また、管理職層に「管理職として重要な役割」をたずねたところ、「メンバーの育成」(47.3%)、「業務改善」(34.0%)、「会社・事業の戦略テーマ(重点テーマ)の推進」(33.3%)が選ばれた。
人事担当者、管理職層とも管理職の役割として「メンバーの育成」をもっとも重要な役割と捉えているという結果は、2020年に行った調査結果とも共通している。また、人事担当者、管理職ともに次いで選ばれたの「業務改善」については、2020年に人事担当者が重要視していたものと違った結果に(2020年に人事担当者が2番目に重要視していたのは「担当部署の目標達成/業務完遂」)。変化の激しい1年のなかで、これまでとは違う対応やマネジメントスタイルがより求められていると推測される。
管理業務で困っていること「メンバーの育成」「業務改革」「新価値・イノベーションの創造」
管理職層に日々の管理職業務で「困っていること」をたずねたところ、「メンバーの育成」(48.7%)、「業務改善」(45.3%)、「新価値・イノベーションの創造」(42.7%)が選ばれた。
「メンバーの育成」や「業務改善」は、管理職が考える重要な役割でも上位に。

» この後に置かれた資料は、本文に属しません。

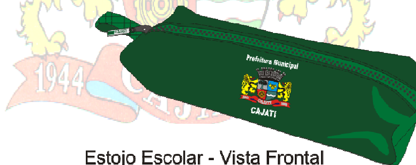
Estojo Escolar - Vista Frontal

Aplicar o Brasão e o Texto "Prefeitura Municipal de CAJATI" conforme abaixo.
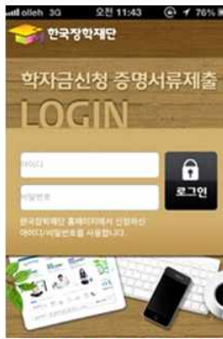
① 한국장학재단 학자금서류제출 앱 설치

一方「新価値・イノベーションの創造」は、重要な役割としては選択率5位だったが、困っていることとしては3位に挙げられていた。
「新価値・イノベーションの創造」は、ニューノーマル時代におけるビジネスモデルの転換など一気にその必要性が増したことにより、管理職層にとっても目前の課題として差し迫ってきているものと予想される。

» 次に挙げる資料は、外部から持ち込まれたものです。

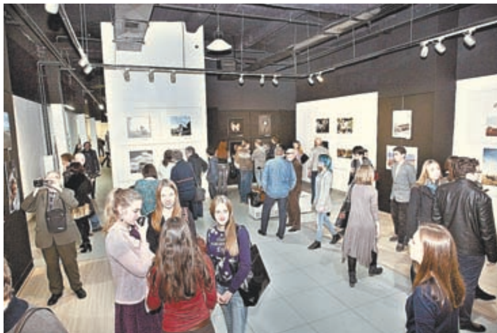
Среди посетителей выставки много молодёжи.

また、「重要な役割」においては、管理職層と人事の選択率の差がもっとも大きい項目となった。第一線にいる管理職は変化の必要性を強く感じているが、会社・人事のサポートが遅れている可能性も考えられるという。
実行型組織から学習型組織への転換が徐々に進みつつある
次に、管理職層が担当している組織について調べた。Aの選択肢で表される組織像は、方針や仕事の進め方は固定的で、決定した目標を効率的に実行していくことが業績達成へとつながるような、以前から多かった「実行型」のマネジメントが有効な組織。

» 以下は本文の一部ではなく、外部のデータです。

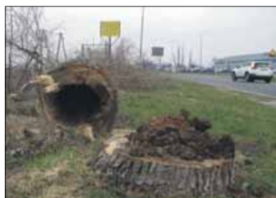
Wiele wyciętych topoli było w bardzo złym stanie

Przy drodze wojewódzkiej 395, na odcinku Strzelin-Ludów Polski, prowadzona jest wycinka niebezpiecznych dla kierowców topól. W niedalekiej przyszłości zastąpią je lipy drobnolistne. O zgodę na wycinkę wystąpił zarządca drogi 395 - Dolnośląska Służba Dróg i Kolei. Znacz-
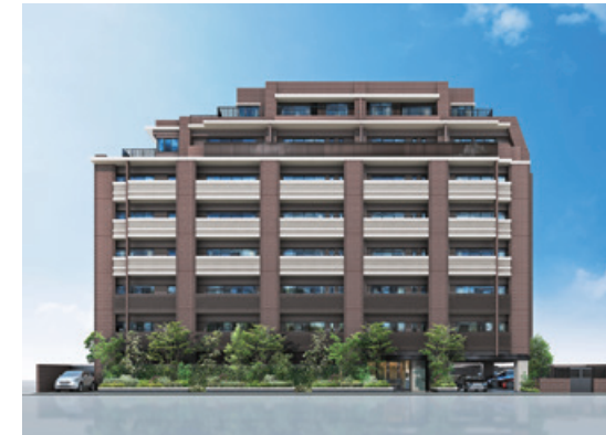
グランフォーレ大橋サウステラス (34戸) 2020年2月完成 福岡市南区

一方、Bの選択肢で表されるような組織は、先が読みづらく変化のスピードが速い環境下にあり、その変化に合わせて個人や組織が学習しながら自律して判断をしていく「学習型」のマネジメントが有効な組織である。
結果を見ると、1~8までの設問においてはAの選択率のほうが高いものの、Bの選択率も40%台に達している。9、10の設問についてはBの選択率のほうが高い結果となった。従来多かった実行型の組織から、学習型組織への転換が進みつつあることが想定される。
また、Bの選択率が高かった9、10の設問は、自律的な判断や仕事への意味づけの必要性の項目。管理職から部下への関わりにおいては、より自律を促す働きかけが求められるようになると考えられる。
メンバーの自律性を高めて新価値創造へつなげる
「会社は社員にキャリア自律を求めている」の選択率(「そう思う」「ややそう思う」合計)が、77.4%、「社員のキャリア自律を進めるべきだ」の選択率が84.0%だった。